The four stories would scarcely be worth dwelling on were it not for the turn they were to give my whole future. For if they had not been written, I should never have entered the underground, since I should not have been back in the party where the underground could reach me.
Moscow reacted to the stories at once. In International Literature, Elistratova, the reigning Soviet woman critic, wrote of Can You Hear Their Voices?: “It gives a revolutionary exposition of the problem of the agricultural crisis and correctly raises the question of the leading role of the Communist Party in the revolutionary farmers’ movement.” She added: “For the first time (in American writing), it raises the image of the Bolshevik.”
It was the voice of authority.
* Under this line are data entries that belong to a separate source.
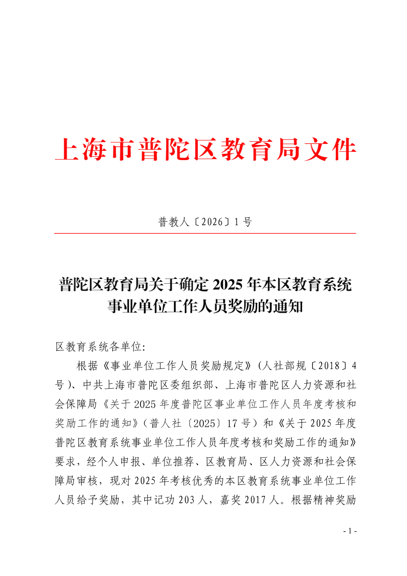 根据《事业单位工作人员奖励规定》(人社部规〔2018〕4号)、中共上海市普陀区委组织部、上海市普陀区人力资源和社会保障局《关于2025年度普陀区事业单位工作人员年度考核和奖励工作的通知》(普人社〔2025〕17号)和《关于2025年度普陀区教育系统事业单位工作人员年度考核和奖励工作的通知》要求,经个人申报、单位推荐、区教育局、区人力资源和社会保障局审核,现对2025年考核优秀的本区教育系统事业单位工作人员给予奖励,其中记功203人,嘉奖2017人。根据精神奖励和物质奖励相结合的原则,奖励记功人员5000元/人、嘉奖人员1500元/人。所需经费由区教育局下达至各单位,不计入工作人员所在单位绩效工资总额。请各单位按照确定后的奖励等次做好《事业单位工作人员奖励审批表》等材料的归档工作。民办学校可参照执行。
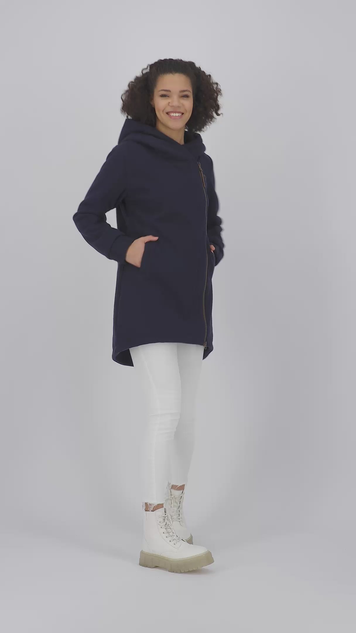 - Gefütterte Kapuze und seitliche Eingriffstaschen
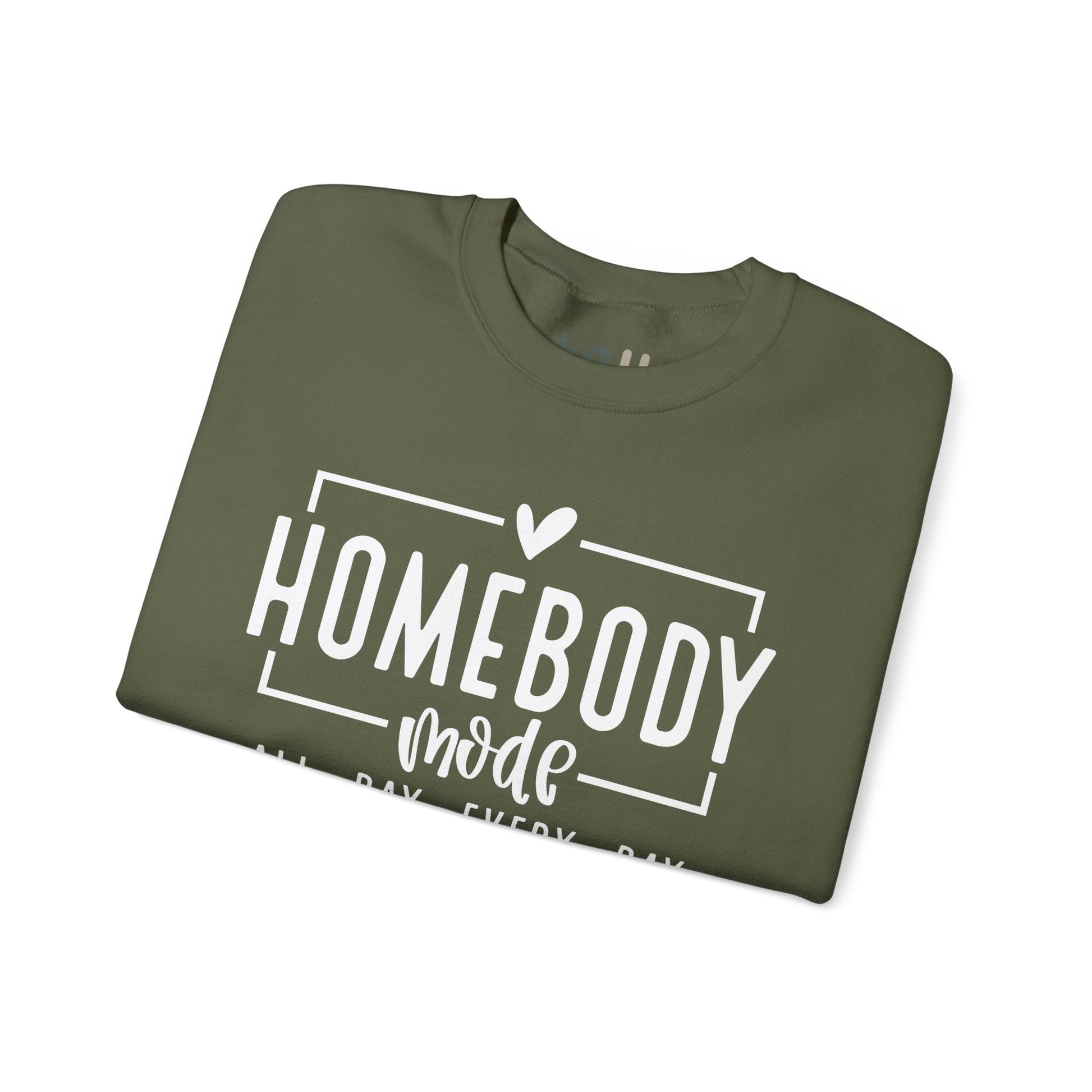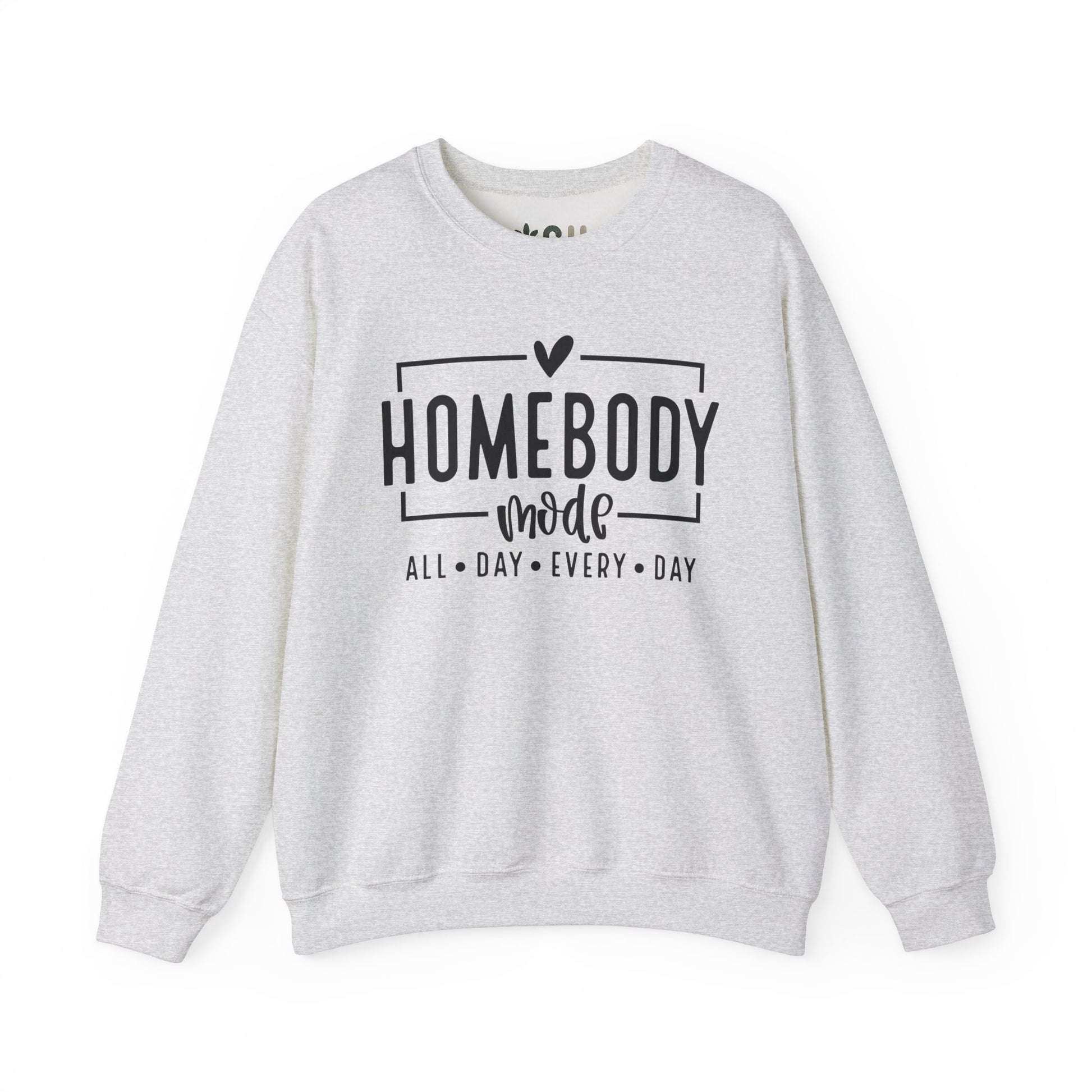 This cozy 'Homebody Mode' sweatshirt is perfect for those who love staying in and relaxing. It offers a clean-cut style with a comfy fit, making it ideal for lounging at home or running errands with a laid-back vibe. It's a great piece to wear during the colder months and makes a thoughtful gift for someone who enjoys their downtime. Perfect for adults, this sweatshirt is made with a medium-heavy fabric blend for ultimate comfort.
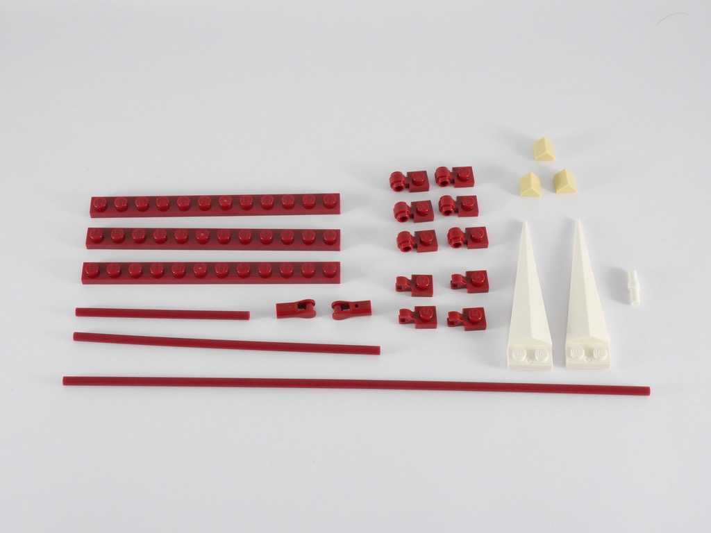 À l’intérieur, nous trouvons 4 sachets de pièces numérotés de 1 à 3, une barre (Hose, Rigid 3mm D. 26L / 20.8cm) couleur dark red, et une notice d’instructions de 128 pages pour 119 étapes de construction. Comme d’habitude, les premières pages sont dédiées aux divers éléments représentés dans la skyline.
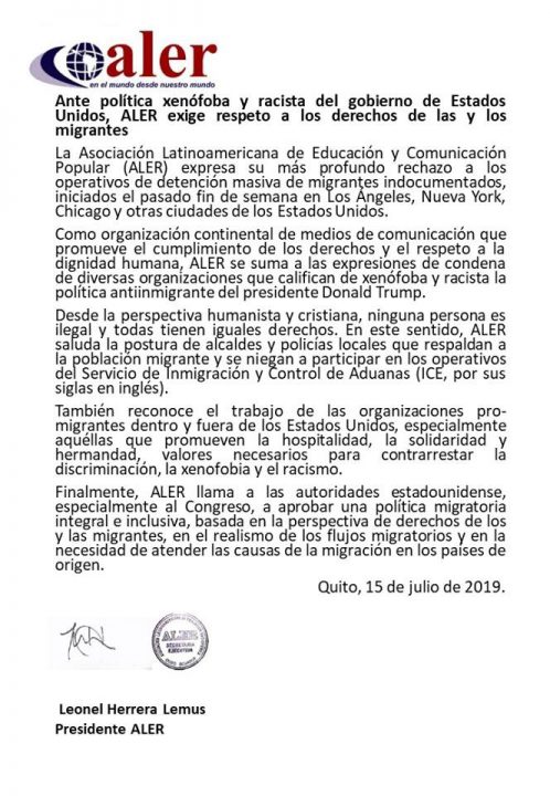 La Asociación Latinoamericana de Educacion Radiofonica (Aler) emite este comunicado donde rechaza las acciones y discursos que el gobierno de Donald Trump viene realizando contra las y los migrantes.
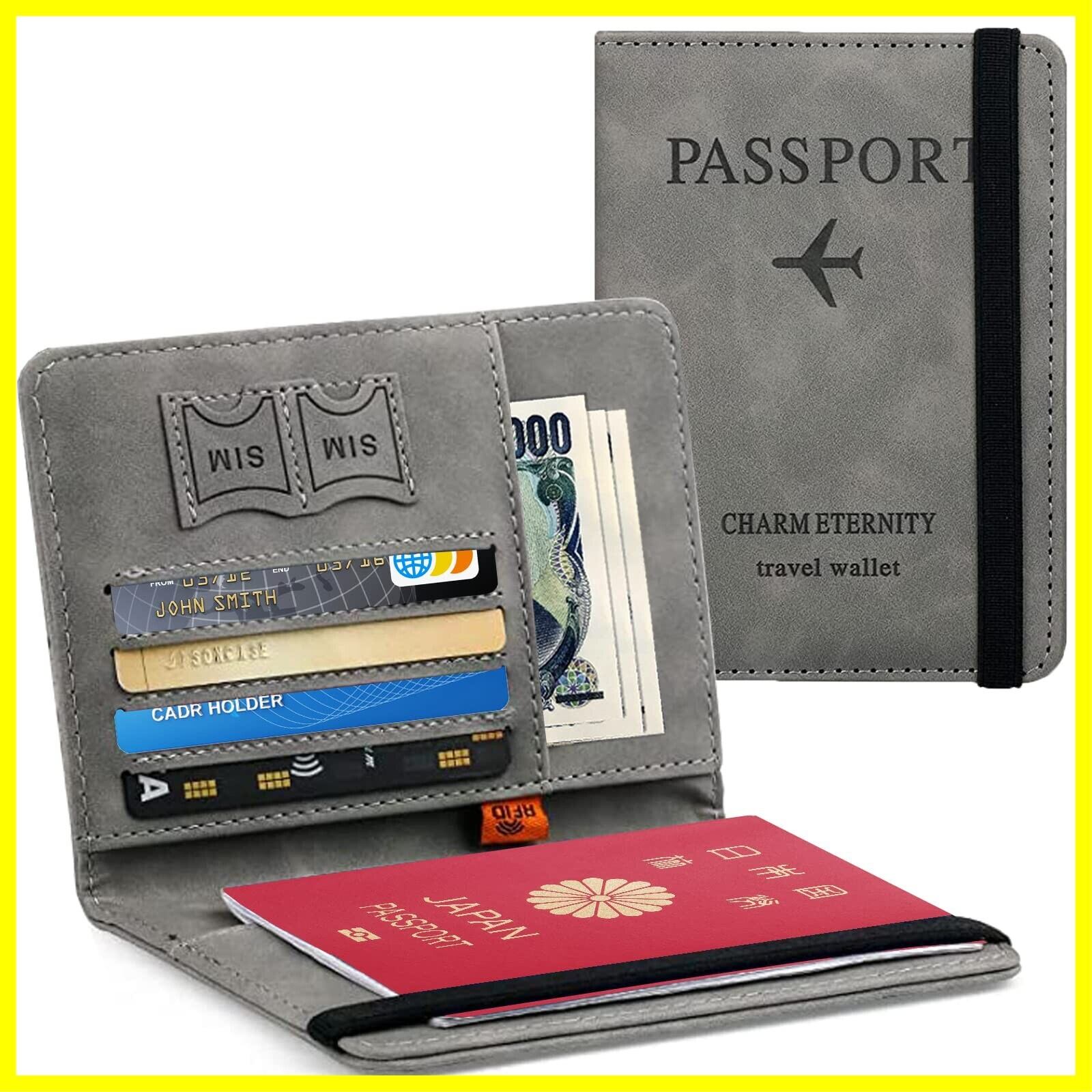 [Hueapion] パスポートケース スキミング防止 パスポートカバー 多機能収納ポケット パスポート カードケース ラベルウォレット 高級PUレザー 軽量 コンパクト おしゃれ 海外旅行 旅行用品 透明パスポートカバー付き (グレー)
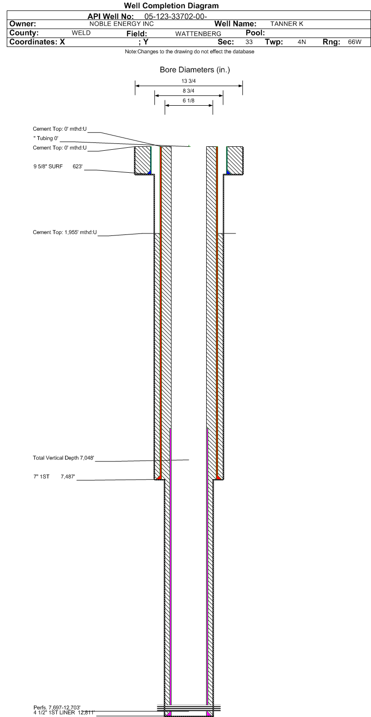 Wellbore #00 Wellbore Classification: OW Status: PR - 12/8/2025 Measured TD: 12826 ft. Vertical TD: 7048 ft.| Wellbore Data for Original Wellbore | Wellbore Classification: OW PR - 12/8/2025 | | Wellbore Permit | HORIZONTAL | | Permit #: | | Expiration Date: | 6/23/2013 | | Proposed Top PZ Location: | Sec:33 Twp: 4N 66W | Footage: 2697 FSL 307 FWL | | Bottom Hole Location: | Sec:34 Twp: 4N 66W | Footage: 2390 FNL 594 FWL | | Proposed Depth/Form: | 12604 ft. | | Surface Mineral Owner Same: | No | | Mineral Owner: | FEE | Surface Owner: | FEE | | Unit: | | Unit Number: | | | Formation And Spacing: | Code: NBRR , Formation: NIOBRARA , Order: 407-87 , Unit Acreage: 400, Drill Unit: GWA | | Casing: | String Type: CONDUCTOR, Hole Size: 18.5 in., Size: 16 in., Top: 0 ft., Depth: 100 ft., Weight: , Citings Type: PLANNED | | Cement: | Sacks: 6, Top: 0 ft., Bottom: 100 ft. | | Casing: | String Type: SURF, Hole Size: 13.75 in., Size: 9.625 in., Top: 0 ft., Depth: 520 ft., Weight: 36 , Citings Type: PLANNED | | Cement: | Sacks: 280, Top: 0 ft., Bottom: 520 ft. | | Casing: | String Type: 1ST, Hole Size: 8.75 in., Size: 7 in., Top: 0 ft., Depth: 7419 ft., Weight: 26 , Citings Type: PLANNED | | Cement: | Sacks: 1115, Top: , Bottom: 7419 ft. | | Casing: | String Type: 2ND, Hole Size: 6.125 in., Size: 4.5 in., Top: 12604 ft., Depth: , Weight: 11.6 , Citings Type: PLANNED | | Cement: | Sacks: , Top: , Bottom: |

It could scarcely have been more explicit if I had written the party’s theses on the agricultural crisis. “So,” I thought, “my quarrel is not with Moscow or with Comrade Stalin. Raise the line correctly, and Moscow instantly accepts it. My quarrel is with the invincible stupidity and pettiness of the American Communist Party.” That half-truth was to cost me dear. But I have since come to think that Moscow was as mistaken in me as I was in Moscow.
In Washington, one day, J. Peters surprised me by mentioning that he had been in Moscow when the stories appeared. He had fought fiercely to keep the State Publishing House from translating and publishing them. I asked him why. “They are against the party,” he said, and we both dropped the touchy subject. At the time, I thought that Comrade Peters’ views were somewhat narrow.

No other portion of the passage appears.